## Work to be completed
Pictures are to be left out. Return exactly the lines below from the one with "The Maximors is" up to and including the one with "샷 40 롤; 1 롤".

## Dataset extract
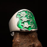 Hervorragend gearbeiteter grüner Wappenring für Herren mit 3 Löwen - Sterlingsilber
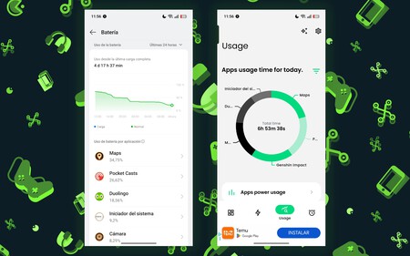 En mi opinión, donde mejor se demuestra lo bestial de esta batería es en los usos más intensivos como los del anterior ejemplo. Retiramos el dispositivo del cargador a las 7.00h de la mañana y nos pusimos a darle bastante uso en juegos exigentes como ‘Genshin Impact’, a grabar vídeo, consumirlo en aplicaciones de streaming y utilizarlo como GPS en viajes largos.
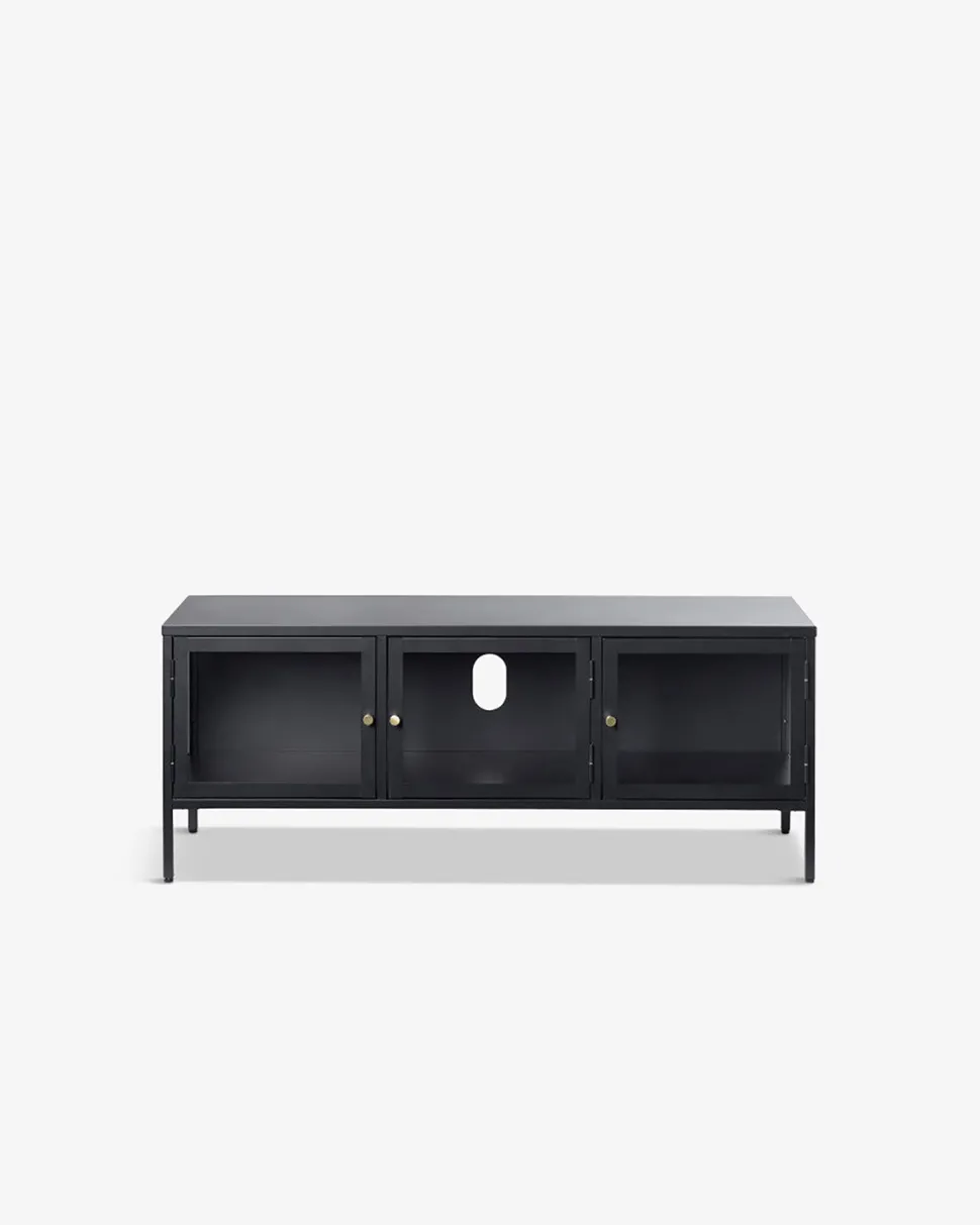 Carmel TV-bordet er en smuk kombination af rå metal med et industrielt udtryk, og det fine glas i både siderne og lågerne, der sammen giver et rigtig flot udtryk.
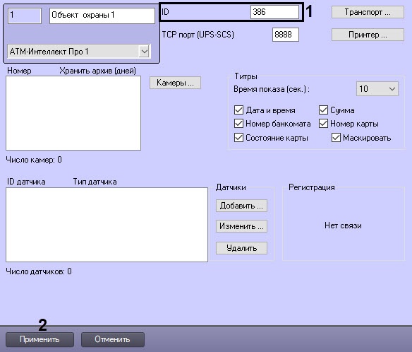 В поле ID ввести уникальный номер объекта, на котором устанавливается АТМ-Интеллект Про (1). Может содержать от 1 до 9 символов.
==
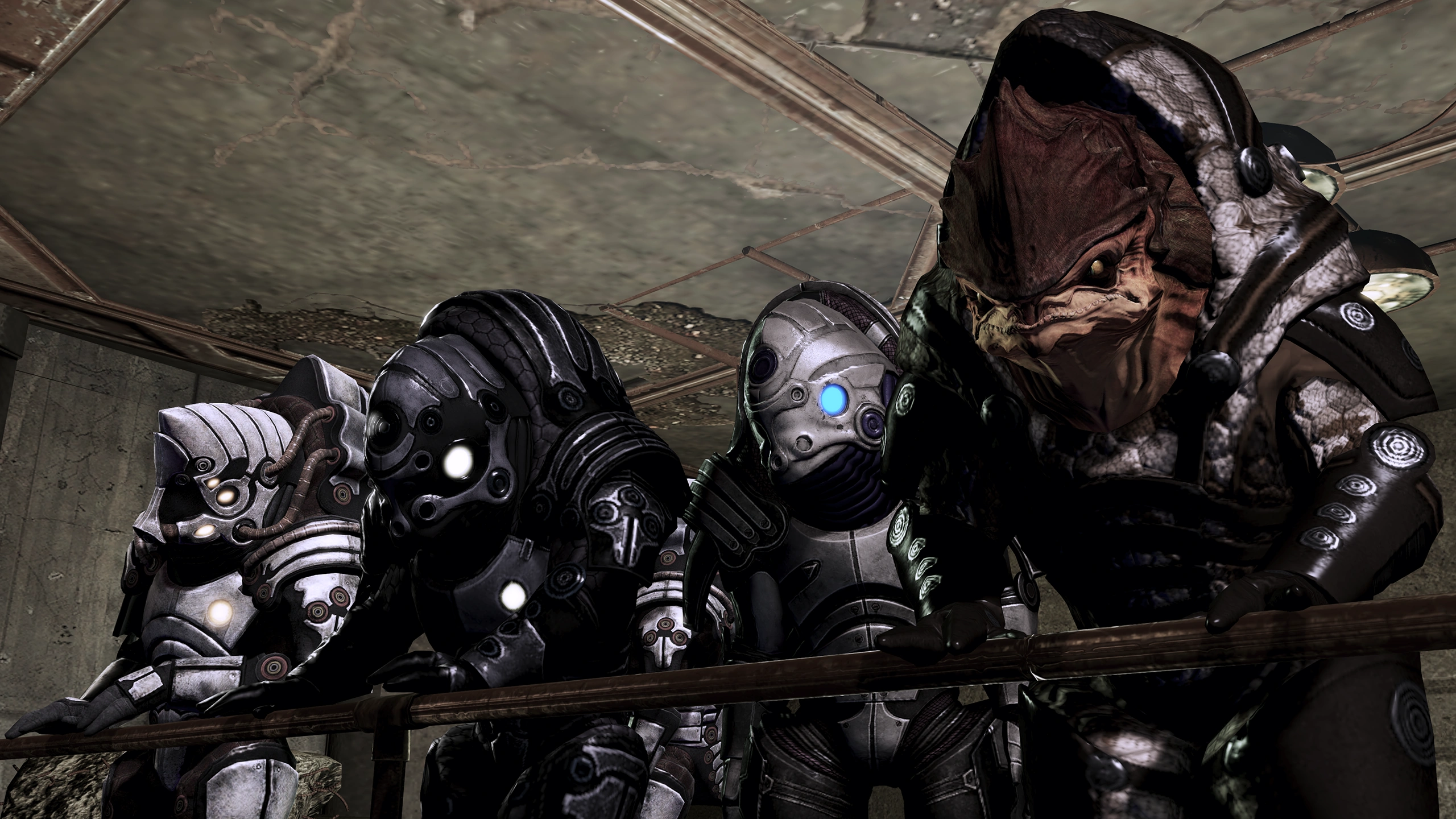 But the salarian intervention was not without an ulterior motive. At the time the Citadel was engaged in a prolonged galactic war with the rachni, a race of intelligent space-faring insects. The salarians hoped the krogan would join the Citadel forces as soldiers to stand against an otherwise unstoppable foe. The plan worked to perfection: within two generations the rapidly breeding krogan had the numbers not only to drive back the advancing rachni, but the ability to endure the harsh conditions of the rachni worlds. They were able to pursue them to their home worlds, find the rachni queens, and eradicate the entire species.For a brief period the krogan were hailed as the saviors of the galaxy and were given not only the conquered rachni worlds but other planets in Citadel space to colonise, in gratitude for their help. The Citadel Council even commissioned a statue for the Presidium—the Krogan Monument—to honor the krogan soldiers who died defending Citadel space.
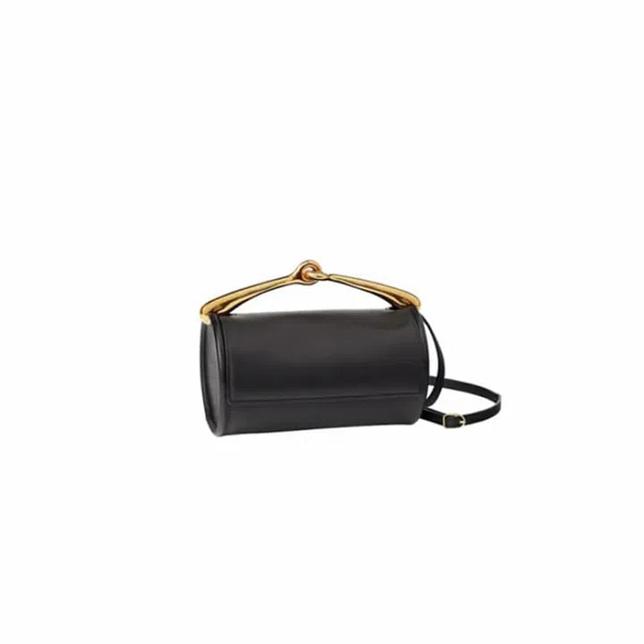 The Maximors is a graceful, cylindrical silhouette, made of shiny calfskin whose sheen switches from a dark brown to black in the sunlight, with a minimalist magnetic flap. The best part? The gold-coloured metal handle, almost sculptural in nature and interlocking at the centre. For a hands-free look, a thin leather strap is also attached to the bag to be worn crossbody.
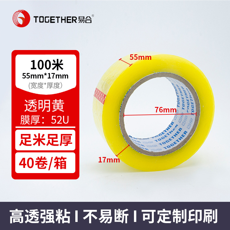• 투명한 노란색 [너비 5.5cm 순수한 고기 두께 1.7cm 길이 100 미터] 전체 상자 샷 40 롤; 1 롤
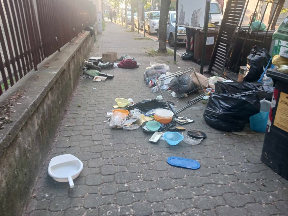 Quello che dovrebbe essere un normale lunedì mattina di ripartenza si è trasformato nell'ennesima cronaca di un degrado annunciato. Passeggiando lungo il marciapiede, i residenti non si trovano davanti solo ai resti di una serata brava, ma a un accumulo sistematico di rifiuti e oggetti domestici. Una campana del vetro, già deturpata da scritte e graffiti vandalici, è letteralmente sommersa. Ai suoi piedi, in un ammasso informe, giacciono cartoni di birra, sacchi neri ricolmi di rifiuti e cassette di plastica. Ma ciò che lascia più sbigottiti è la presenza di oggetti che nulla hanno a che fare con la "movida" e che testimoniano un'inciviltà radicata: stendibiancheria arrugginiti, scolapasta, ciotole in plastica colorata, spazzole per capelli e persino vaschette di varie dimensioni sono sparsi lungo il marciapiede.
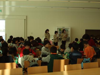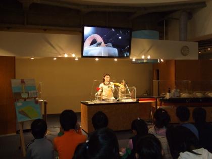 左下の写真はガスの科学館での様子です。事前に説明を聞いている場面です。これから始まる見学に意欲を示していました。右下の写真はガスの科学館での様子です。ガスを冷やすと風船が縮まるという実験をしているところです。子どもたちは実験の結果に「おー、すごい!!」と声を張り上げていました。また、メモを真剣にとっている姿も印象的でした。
...
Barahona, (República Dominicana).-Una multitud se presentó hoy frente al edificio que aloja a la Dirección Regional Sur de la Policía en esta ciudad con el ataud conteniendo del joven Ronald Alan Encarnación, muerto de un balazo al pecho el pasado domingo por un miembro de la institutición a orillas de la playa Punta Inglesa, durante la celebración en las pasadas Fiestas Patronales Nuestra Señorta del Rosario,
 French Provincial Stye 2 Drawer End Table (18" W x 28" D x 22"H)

## Result below
 The Maximors is a graceful, cylindrical silhouette, made of shiny calfskin whose sheen switches from a dark brown to black in the sunlight, with a minimalist magnetic flap. The best part? The gold-coloured metal handle, almost sculptural in nature and interlocking at the centre. For a hands-free look, a thin leather strap is also attached to the bag to be worn crossbody.
• 투명한 노란색 [너비 5.5cm 순수한 고기 두께 1.7cm 길이 100 미터] 전체 상자 샷 40 롤; 1 롤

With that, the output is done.